Last June, state legislators dropped a bombshell that they no longer wanted to pay cities and districts for the California Public Records Act and the Ralph M. Brown Act even though it was mandated by the state. As part of the state Legislature’s budget negotiations, trailer bills were approved to make these provisions optional, but encourage local government agencies to follow them as “best practices.”
After a tremendous amount of public fervor about such an assault on the public’s right to know, there was significant backtracking and discussion of a new proposition that would continue to require it and that the state should not pay for local compliance. So here we are.
Proposition 42 is a legislative constitutional amendment that would require cities, counties and school districts to comply with the state’s open meeting and public records laws and eliminate the requirement that the state reimburse that expense. While it is inherently wrong for the state to require local governments to adhere to a state law, this proposition will ensure that the state’s open meeting and public records law essentially remain as they are.

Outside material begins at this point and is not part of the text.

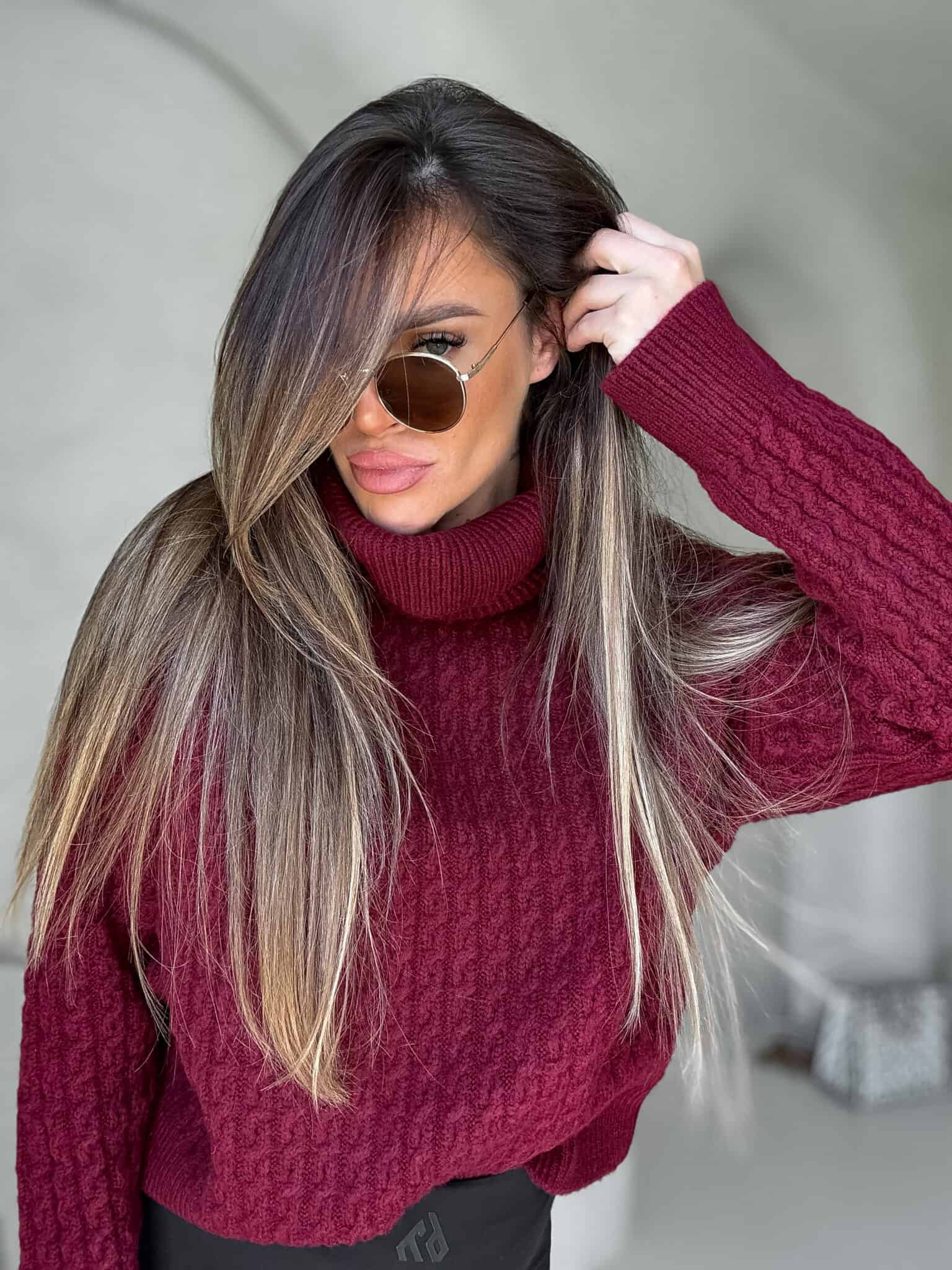 Sweter z golfem, wkładany przez głowę, na długi rękaw z ciekawym splotem. Bardzo ciepły.

The California Public Records Act, passed in 1968, was landmark legislation designed to allow public access to government records, the “people’s business.” In tandem with the Ralph M. Brown Act, passed in 1953, it provides freedom of information and establishes the public’s right to participate in government activity.
Part of the California Public Records Act requires government agencies to respond to a public record request within 10 days and provide a reason for denying a request. Both are important and essential to ensuring the public continues to receive the information we require to ensure our governments run effectively and in the proper light. While we disagree with the premise that local governments should pay for a state mandate, but recognize that the greater good is served when these acts are protected. Vote yes.